Дока уже под одеялом немного подумал: «Что бы с самим «Милочкой»– я не замечал. Все же у них разное положение. Парень простой работяга, а «Милочка» – считай помощник Николая Игнатовича.»

«Значит, он (то-есть парень) с другими бандитами корешует!» – не мог Владимир отказаться от своей привлекательной идеи, – «Надо проследить, с кем из них он чаще встречается и разговаривает!»

Здравые высказывания приятеля, на которого мы недавно махнули рукой как на ненадежного помощника, теперь показали, что в его голове мысли развиваются в желательном для нас направлении, обещая плодотворное участие в нашем с Докой расследовании. Нужно было их, как говорят, «не сглазить».

«Вот и займись этим», – предложил автору идеи, – «сейчас ты сам себе хозяин, время организуй и пробы отбирать, и последить кое за кем».

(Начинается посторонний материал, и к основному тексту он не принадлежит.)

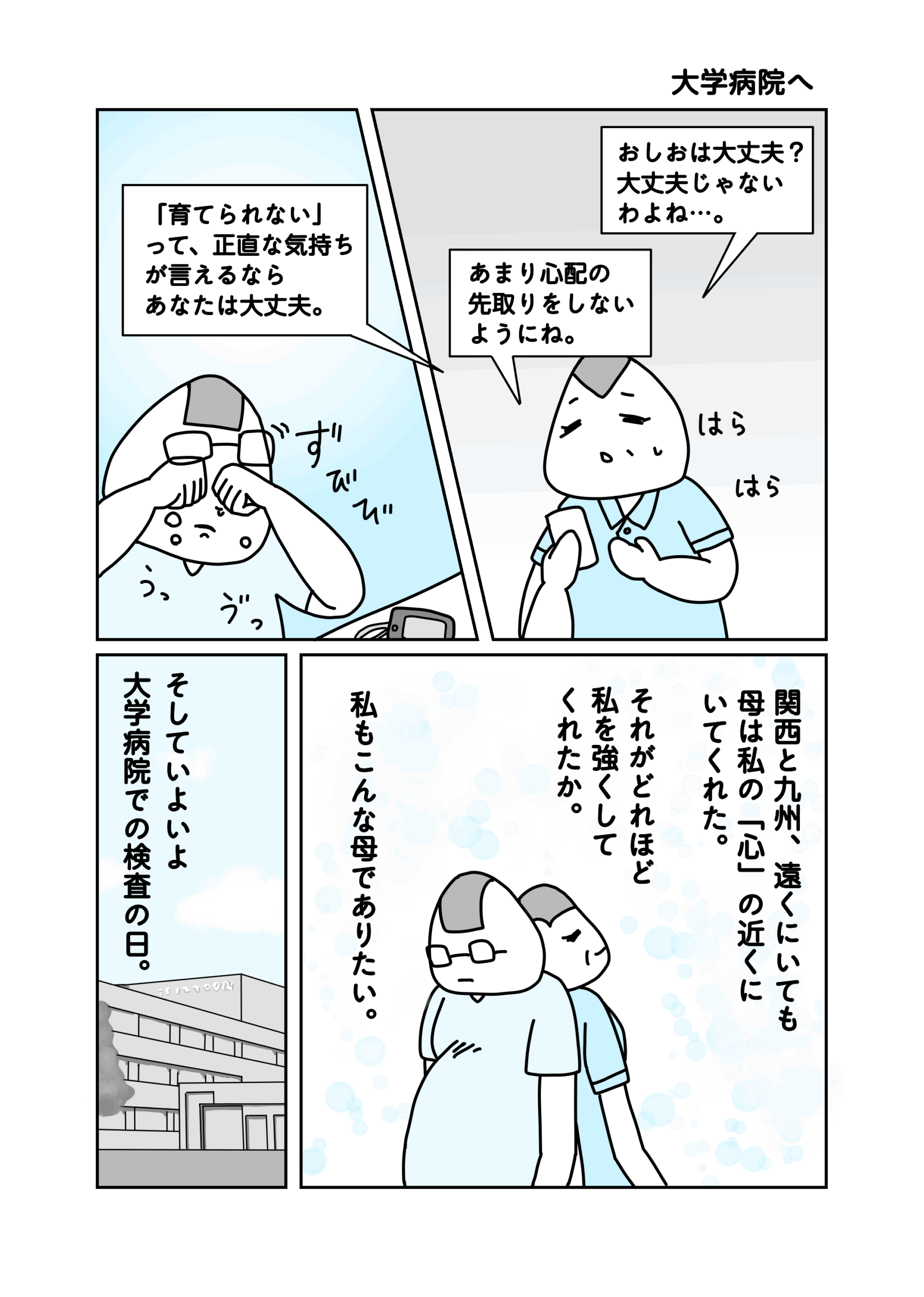 実母:おしおは大丈夫?大丈夫じゃないわよね…。あまり心配の先取りをしないようにね。「育てられない」って、正直な気持ちが言えるならあなたは大丈夫。

«А если спросят, чего это я без дела шляюсь?» – не отказываясь от предложения, Владимир предупредил, что вылететь из артели в качестве лодыря побаивается.

«Все на меня вали», – предложил приятелю, – «Я сейчас за Сергея, могу тобой командовать».

«Не дрейфь только, и все будет нормалек», – пробормотал сонный Дока, и вырубил в домике свет, после чего его обитатели тут же отправились в объятия Морфея.

Но не надолго: часа через два зарычал Чапа, и я мгновенно открыл глаза – без причины собачуха, да еще ночью, никогда этого не делал. Рычание сменилось лаем уже возле открытой двери. Ребята зашевелились на кроватях, я же со своей соскочил – посмотреть кто к нам рвется. Чапа уже бесновался, но почему-то из домика не выскакивал, что свидетельствовало об одном: незваный гость уже в нем. Представляя, кем он может оказаться, я быстренько запрыгнул на кровать, схватил со стола Докин фонарик и щелкнул выключателем – на полу возле двери извивалась самая ядовитая змея – щитомордник.

«Ребята, змея!» – не очень и громко сообщил я для остальных квартирантов. Владимир пулей выскочил из под одеяла как ошпаренный, с ногами уселся на кровати в позе будды, прижавшись спиной к стене домика, от ее края подальше. Дока же только перевернулся на другой бок лицом к стене, и сонно пробормотал:

«Выбрось на улицу, пусть в другое место ползет», – и ровно засопел носом.

«Не выбрось, а убей!» – завизжал наш гринписовец, до ужаса боящийся не только змей и скорпионов, а и невинных пауков, – «Она снова к нам заползет!»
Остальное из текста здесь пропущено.